Roasted red bell pepper spread
recipe and photographs by Veronica Yudkevich
My oldest daughter is a big lover of peppers, so I started making this spread especially for her. It was quite a success from the start, but lately has become even better with the addition of the smoked paprika that adds a hint of a smoky-fiery flavor.
smoky Roasted red bell pepper Dip
Ingredients (makes about 1 ½ cup):
6 red bell peppers
1-2 garlic cloves, coarsely chopped
1 tsp dry thyme (wild thyme if available) or 5 sprigs of fresh thyme
¼ cup olive oil (divided)
1-2 Tbsp white wine vinegar
¼ tsp smoked paprika (optional, but recommended)
Preheat the oven to 200°C. Line a baking tray with parchment paper; lightly drizzle bell peppers with 1 Tbsp of olive oil and toss to coat. Bake for about 45 minutes until the peppers are a little burned and soft.
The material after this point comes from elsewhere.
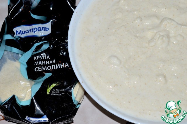 • Манную крупу залить кефиром и дать набухнуть 30-40 минут.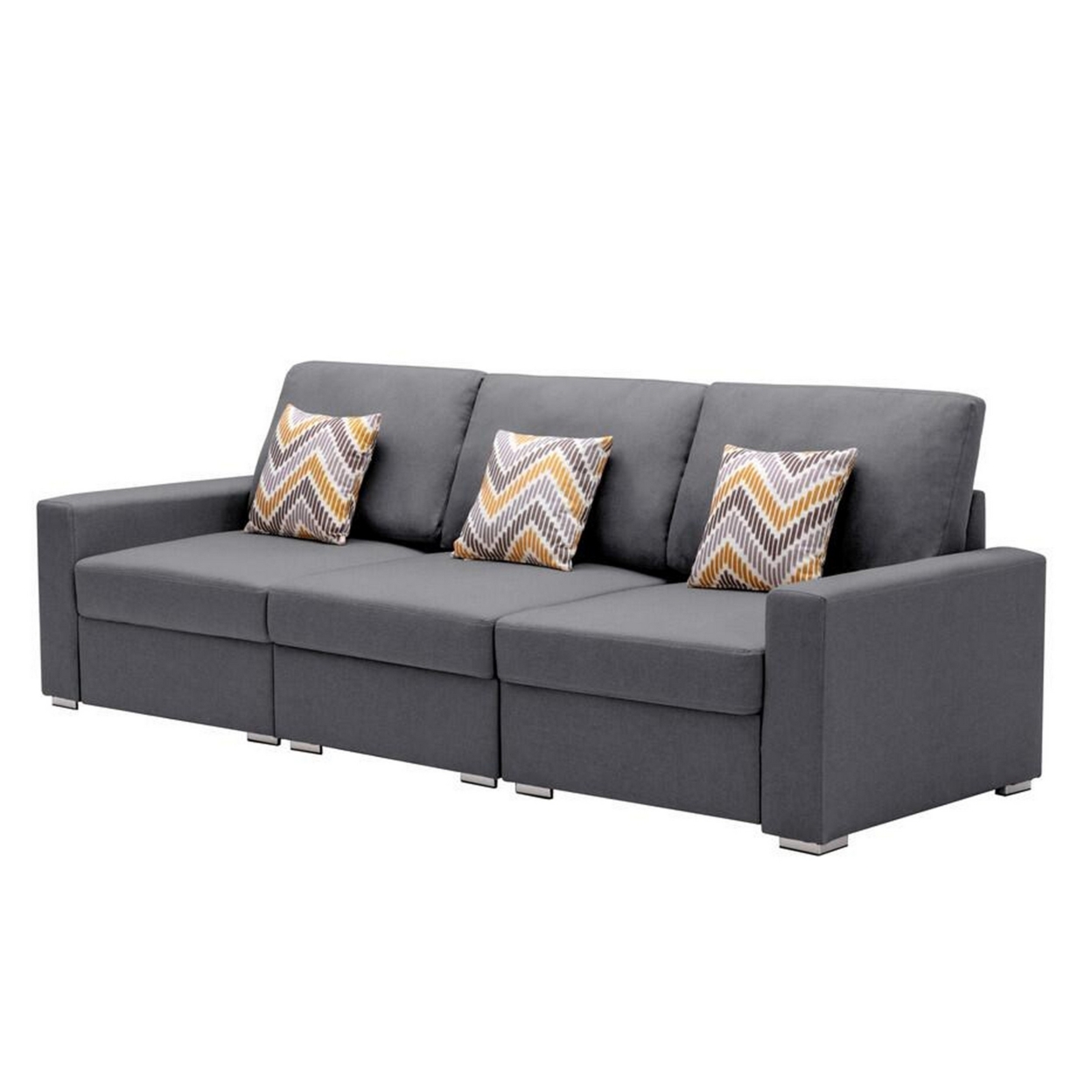 Meg 96 Inch 3 Piece Sofa Set, Modular, 2 Accent Pillows, Soft Gray Fabric - Saltoro Sherpi

Transfer into a bowl, cover tightly with a plastic bag and leave to sweat for about 20 minutes; this will make the peeling so much easier. Peel the peppers and discard the seeds. Transfer to a colander and leave for another 20 minutes to drain excess fluids.
In a food processor pulse the drained peppers with garlic and thyme for 1-2 min until finely chopped. Add the rest of the ingredients and pulse to reach the desired consistency. Adjust seasoning and oil/vinegar to your taste.